The philosophical viewpoint expressed in the author’s note has other consequences. This paradigm, where fiction is wholly removed from “facts” or “known events,” would imply that readers come to novels empty: they do not then constitute meaning together with the writer, but rather, receive meaning from the author. This outlook would account for Black Bird‘s numerous didactic passages, in which the narrator passes judgement on Jean-Baptiste’s poetry, explains Quebec linguistic politics, or points out errors in felquiste thinking, for example. The question is not whether the portrayal of the Montreal Anglophone literary community as incestuous and ignorant is accurate, or whether Michel Basilières knows Canadian history. The question, rather, is whether total narrative control is a desirable aesthetic choice, given that the effect is an expedient, expository style that reads like an arts grant application.

Perhaps the greatest sign of hermeneutic anxiety occurs at the novel’s close. Jean-Baptiste has a creative breakthrough.

He vowed he would never again write down a single thing in a realistic mode, because whether it had ever actually happened to him or not, everyone would think it was the literal truth.

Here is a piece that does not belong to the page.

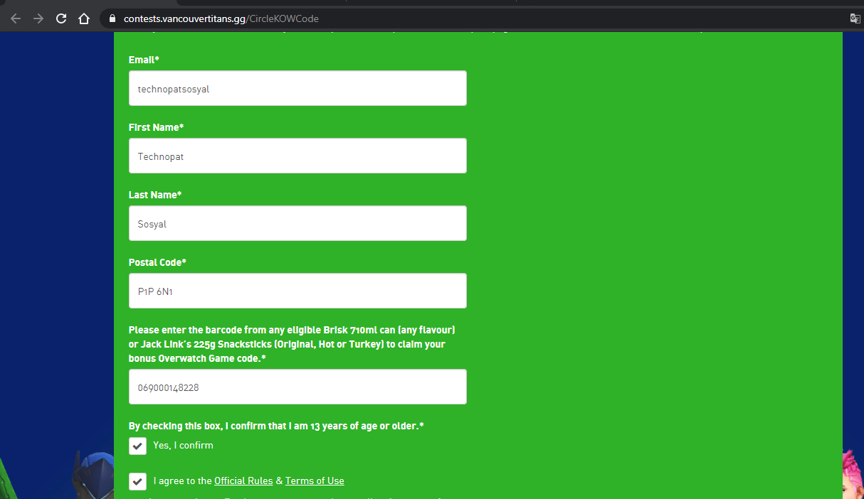 Adım 2: Bilgileri doldurun, Postal code kısmına P1P 6N1, Barcode kısmına 069000148228 yazın.

By coincidence, the first words of Jean-Baptiste’s projected work also happen to be the first words of Black Bird. Thus, it becomes extremely tempting to read Jean-Baptiste’s literary convictions as Basilière’s artist statement. This is an unfortunate parallel, for the double insistence on art for art’s sake, first in the guise of fact (in the author’s note) and then as fiction (in Jean-Baptiste’s closing thoughts) comes across as the book’s moral, message, or meaning, and an outmoded and disingenuous one at that. mRb

X. I. Selene is a Montreal writer.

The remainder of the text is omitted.